En écho à la crise qui secoue le Chili, Ciné-Doc vous présente une séance événementielle autour du documentaire «La Cordillère des Songes» de Patricio Guzmán. Prix du meilleur documentaire à Canne 2019, ce film permet de porter un regard sur l’histoire et le présent d’un pays au centre de l’actualité.

La Cordillère des Andes repère incontournable constitutif de l’identité du Chili, est aussi une muraille dressée entre ce territoire et le reste du monde. Partant de cette chaîne de montagnes, cette terre inconnue qui symbolise son exil, le réalisateur interroge le passé et le lien qui l’unit à son pays tout en rendant hommage à celles et ceux qui sont restés et se sont battus contre la dictature.
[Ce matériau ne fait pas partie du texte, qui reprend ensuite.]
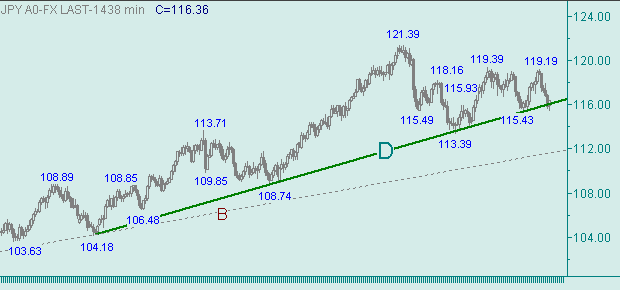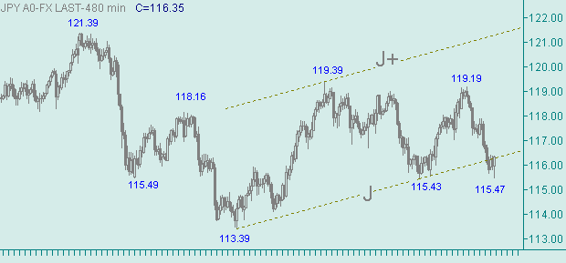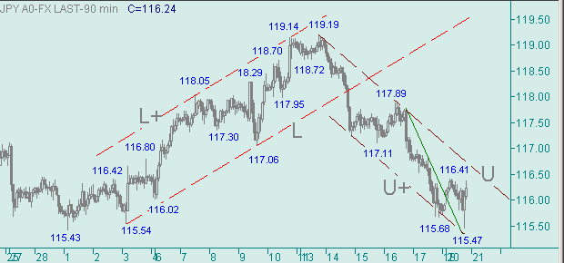 Сегодняшнее нисходящее движение между дневным максимумом и минимумом, равными соответственно 116.41 и 115.47, более подходит под понятие "достижение технической цели в рамках коррекции", чем на "продолжение нисходящего движения". Дневной максимум последнего торгового дня, равный 115.68, не попадал на технические цели, которые находились на 115.80 и 115.40. Теперь цель достигнута, но важно то, что курс не опустился ниже уровня начала восходящего движения в рамках канала L-L+ на рис. 3.
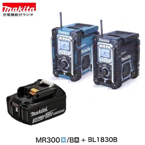 > マキタ MR300 (青) + BL1830B [本体+3.0Ahバッテリ] 充電式ラジオ 【充電機能付】Bluetooth対応○■安心のマキタ純正/新品/未使用■

La Cordillère des Songes – France, 2019, 85’, VO-ST FR, 16/16 ans
Vallée de Joux, dimanche 19 janvier, 10h30, Cinéma La Bobine.
Discussion et concert (avec Marine Meylan) en présence de Patricia Tondreau, musicienne chilienne. Petit-déjeuner offert avant la séance à 10h00.
Aussi à Orbe, Monthey, Bulle, Payerne et Chexbres.
Détails: www.cinedoc.ch
Cinq questions à Daniel Wyss
Cinéaste (Le Barque n’est pas pleine, documentaire, Suisse, 2014).
Présent à Payerne le vendredi 13 janvier pour la projection de 18h15.
Vous avez réalisé un documentaire au sujet de chiliens qui fuyaient leur pays suite au coup d’Etat de 1973 (La barque n’est pas pleine). Pouvez-vous nous expliquer de votre point de vue et avec votre connaissance du sujet les événements actuels qui secouent le Chili?
Actuellement, le pays connaît des injustices sociales gigantesques. La société est extrêmement clivée. Mais les manifestations répondent à Guzmán: il y a bien une mémoire, les gens manifestent pour leurs droits et pour une société plus juste. Toutefois, une répression s’oppose à eux à nouveau et fait revivre, toute proportion gardée, des événements des années 1970, c’est terrifiant.
Les fantômes de cette période de l’histoire sont encore tangibles, Patricio Guzmán va chercher ce que d’autres voudraient oublier ou occulter. Comment un cinéaste peut-il contribuer au travail de mémoire par son travail?
La réalisation de films documentaires est bien sûr importante: trouver des témoignages, montrer des moments forts et les mettre en relation. Avant «La Cordillère des songes» Guzmán a réalisé bien d’autres films sur le Chili, certains dans des conditions très difficiles. On y retrouve par exemple des images qui documentent le début de la guerre civile et le coup d’Etat de 1973. En plus de cela, un pas important se fait lorsqu’on réalise des films de fictions. Cela change la donne. Ils sont distribués plus largement, à la télévision à des heures de grande écoute, les rôles sont tenus par des acteurs connus. Ces films ne sont pas entièrement justes et précis, mais pour autant la réalité des faits historiques racontés ne sera plus disputée. Par exemple, le fait que le film «No» (2012) ait eu un écho important indique qu’on ne remet plus en question ce qui s’est passé et que ce travail de mémoire peut se faire.
Parmi les personnes interrogées dans le film de Guzmán, certaines sont restées pendant la dictature. Le réalisateur s’est exilé. En réalisant votre documentaire, qu’avez-vous pu percevoir de ce questionnement autour de l’exil?
Nous avons eu l’occasion d’interviewer un grand nombre de chiliens. Beaucoup de personnes exilées ne sont pas rentrées au pays pendant une quinzaine d’années et ont vécu un grand choc lorsqu’elles ont pu y retourner. Elles se sont rendu compte que le pays n’était plus du tout le même, le rêve était cassé. Restait le constat de la ruine sociale et philosophique que le pays avait traversée. C’est un choc violent, qui pour nombre d’entre elles les a empêchées de se rétablir au Chili.
Quels sont les espoirs aujourd’hui au Chili pour les jeunes et la population en général?
A mon avis, cela dépasse le Chili et concerne l’Amérique latine de façon générale. Ce qu’on observe au Chili se passe également en Bolivie, au Brésil, en Argentine ou encore en Equateur. Ces pays ont vécu des régimes dictatoriaux extrêmement répressifs dans les années 1960-1980. L’espoir est qu’ils puissent garder un œil sur leur propre passé. Il faut qu’on relate les événements d’aujourd’hui et qu’on les mette en perspective, qu’on n’oublie pas que ces événements font écho au passé.